» **WHAT YOU WILL DO**
Starting with the line that has "PO meter (Displays" in the records below and ending with the line that has "실행측 엄지손가락을 반대측 손으로 감싸 쥐어 줍니다.", output those lines exactly and nothing more; omit the pictures.

» **RECORD SET**

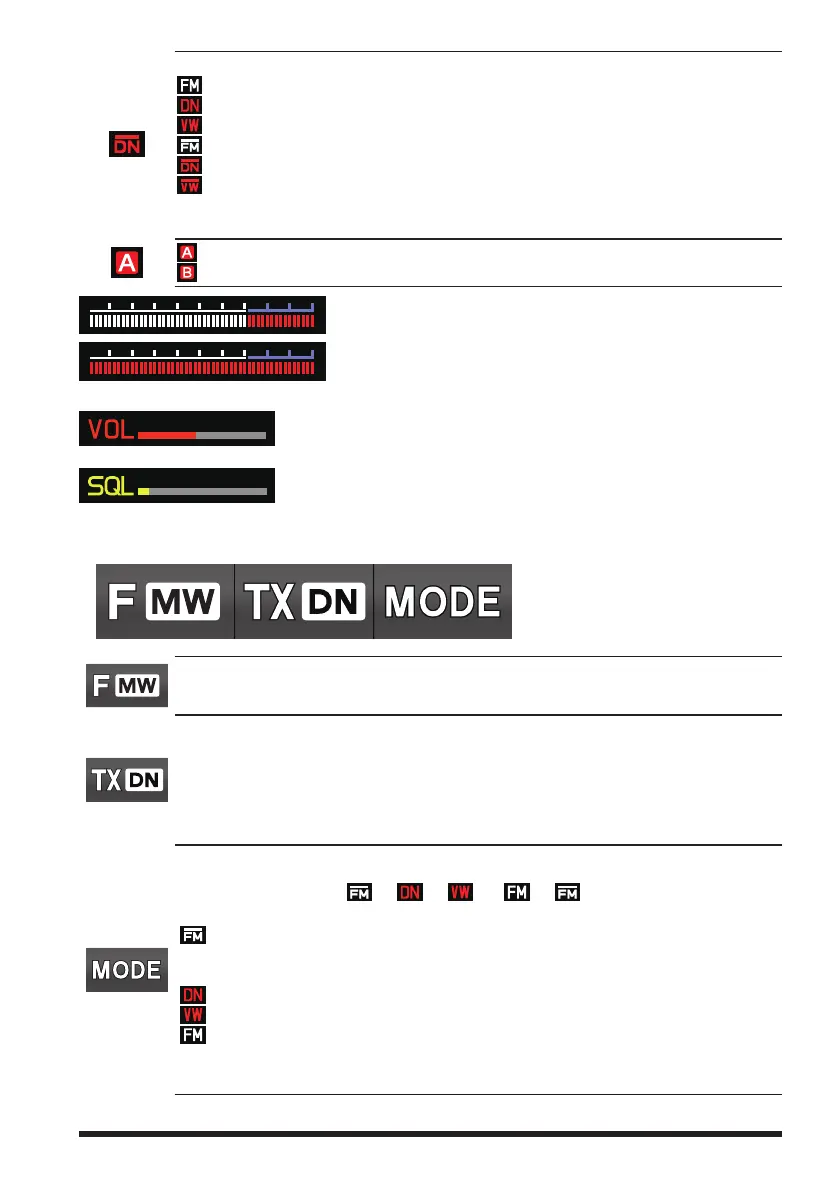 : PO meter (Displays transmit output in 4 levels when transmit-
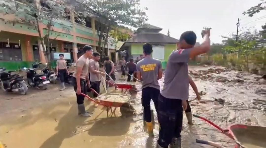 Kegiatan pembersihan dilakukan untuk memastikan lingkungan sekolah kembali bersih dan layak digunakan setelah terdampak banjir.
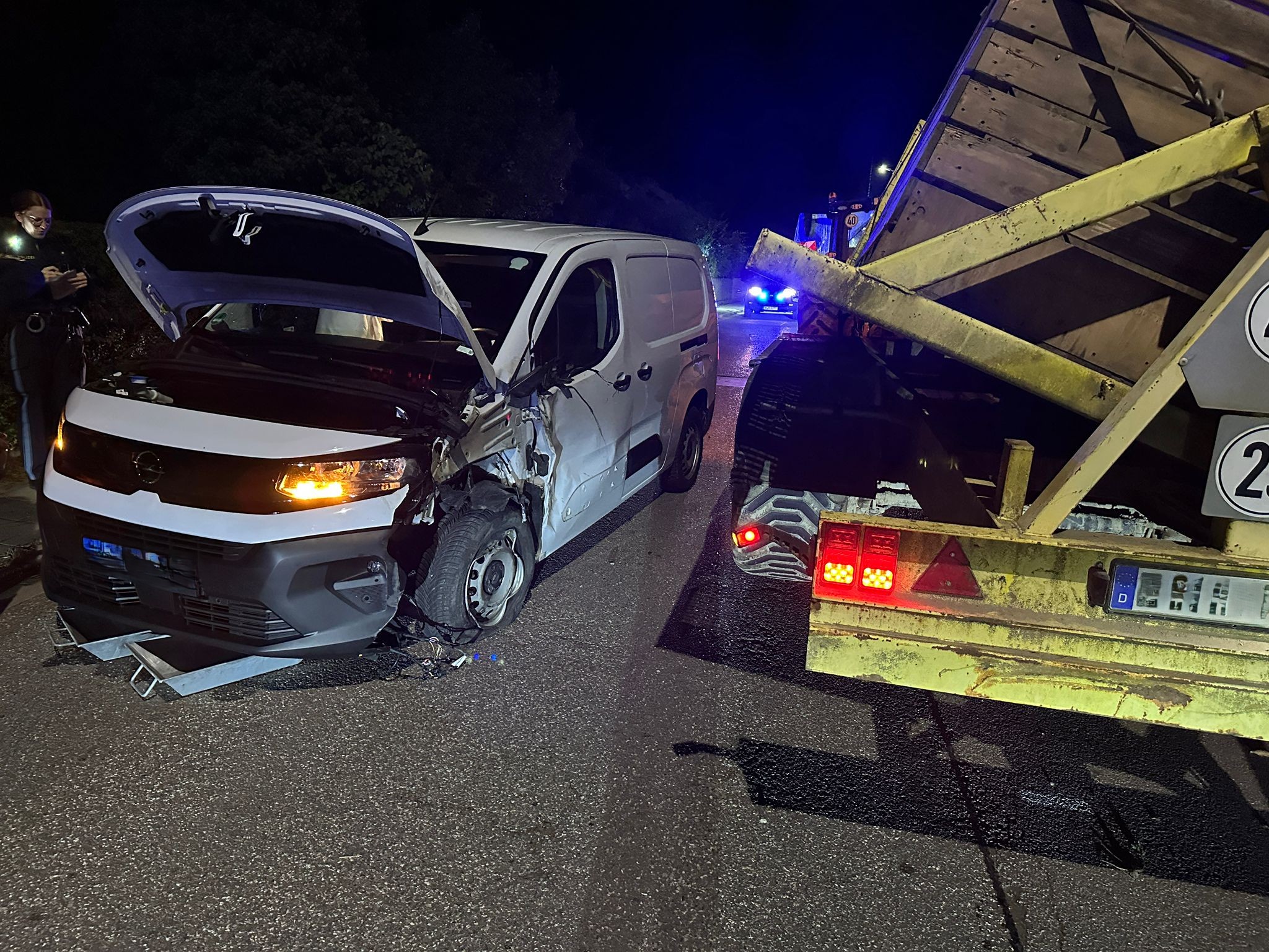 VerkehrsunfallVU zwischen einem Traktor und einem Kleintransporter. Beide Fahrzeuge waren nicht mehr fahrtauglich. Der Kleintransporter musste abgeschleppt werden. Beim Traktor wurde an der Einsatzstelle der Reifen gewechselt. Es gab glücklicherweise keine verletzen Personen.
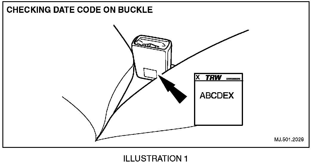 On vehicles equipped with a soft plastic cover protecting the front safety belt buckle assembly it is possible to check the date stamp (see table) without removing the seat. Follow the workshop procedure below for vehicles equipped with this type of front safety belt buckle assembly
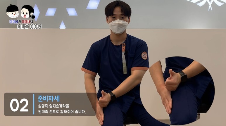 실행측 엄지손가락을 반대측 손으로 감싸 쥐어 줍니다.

--

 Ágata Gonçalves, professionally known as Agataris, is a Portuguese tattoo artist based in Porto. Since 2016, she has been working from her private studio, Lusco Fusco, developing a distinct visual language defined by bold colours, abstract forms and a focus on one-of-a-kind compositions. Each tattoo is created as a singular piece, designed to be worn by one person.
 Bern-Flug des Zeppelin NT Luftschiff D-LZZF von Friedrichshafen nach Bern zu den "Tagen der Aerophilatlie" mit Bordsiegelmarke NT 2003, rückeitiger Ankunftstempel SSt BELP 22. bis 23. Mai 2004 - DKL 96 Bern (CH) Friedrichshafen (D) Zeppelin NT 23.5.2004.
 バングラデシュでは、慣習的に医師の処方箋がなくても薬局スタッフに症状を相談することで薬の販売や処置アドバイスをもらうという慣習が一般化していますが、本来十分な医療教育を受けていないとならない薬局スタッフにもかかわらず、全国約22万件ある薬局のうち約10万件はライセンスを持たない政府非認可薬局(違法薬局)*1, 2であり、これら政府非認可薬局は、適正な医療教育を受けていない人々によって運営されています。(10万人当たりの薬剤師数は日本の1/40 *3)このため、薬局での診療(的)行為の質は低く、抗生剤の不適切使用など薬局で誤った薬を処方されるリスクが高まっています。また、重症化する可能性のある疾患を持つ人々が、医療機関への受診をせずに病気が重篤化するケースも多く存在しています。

...

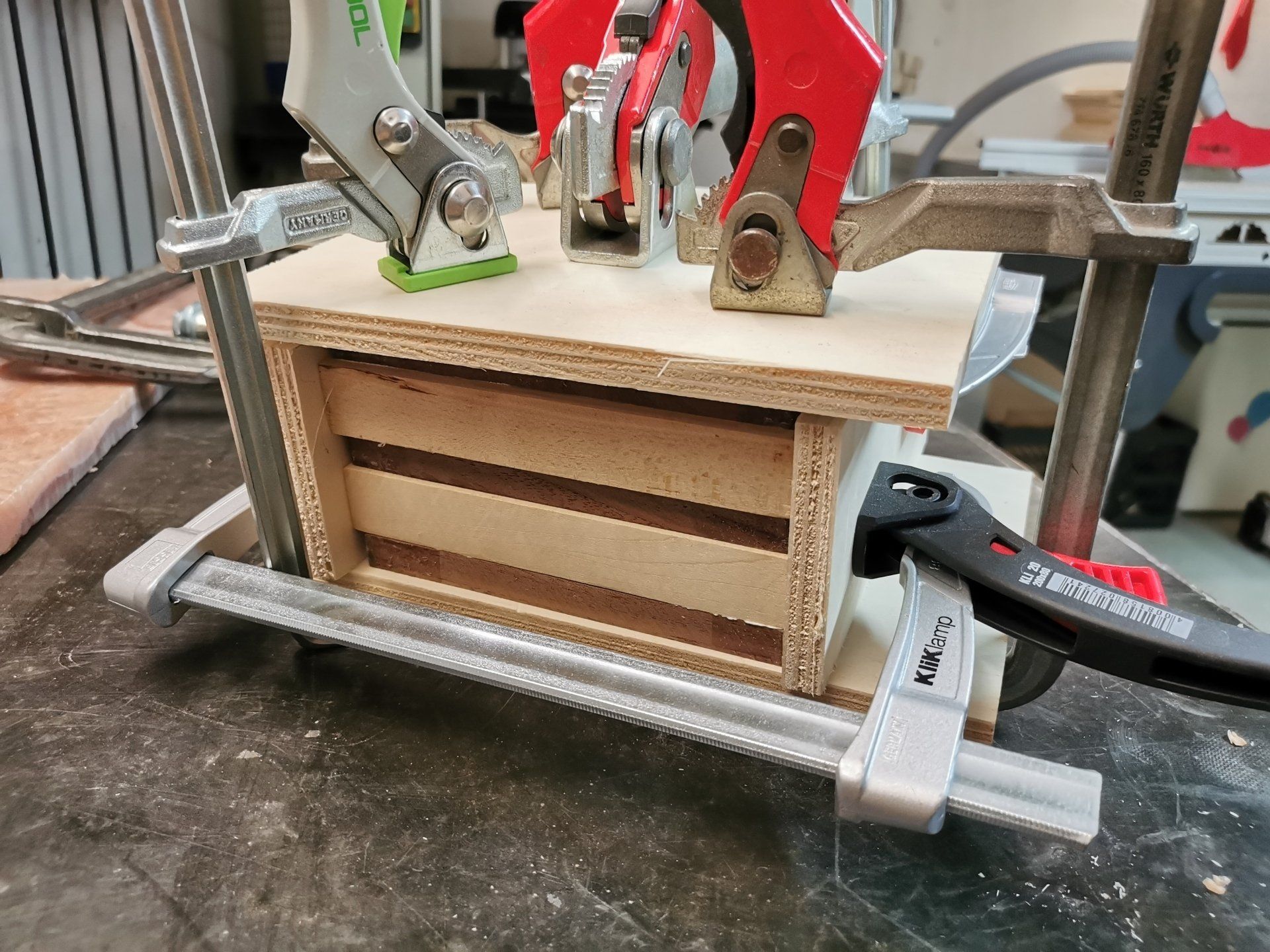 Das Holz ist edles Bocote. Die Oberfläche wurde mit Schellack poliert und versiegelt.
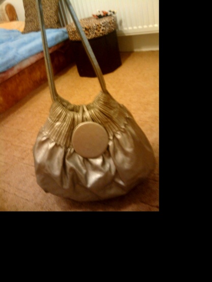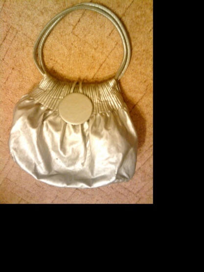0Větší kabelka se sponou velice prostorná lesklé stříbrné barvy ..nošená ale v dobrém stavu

» **RESPONSE**
 : PO meter (Displays transmit output in 4 levels when transmit-
 Kegiatan pembersihan dilakukan untuk memastikan lingkungan sekolah kembali bersih dan layak digunakan setelah terdampak banjir.
 VerkehrsunfallVU zwischen einem Traktor und einem Kleintransporter. Beide Fahrzeuge waren nicht mehr fahrtauglich. Der Kleintransporter musste abgeschleppt werden. Beim Traktor wurde an der Einsatzstelle der Reifen gewechselt. Es gab glücklicherweise keine verletzen Personen.
 On vehicles equipped with a soft plastic cover protecting the front safety belt buckle assembly it is possible to check the date stamp (see table) without removing the seat. Follow the workshop procedure below for vehicles equipped with this type of front safety belt buckle assembly
 실행측 엄지손가락을 반대측 손으로 감싸 쥐어 줍니다.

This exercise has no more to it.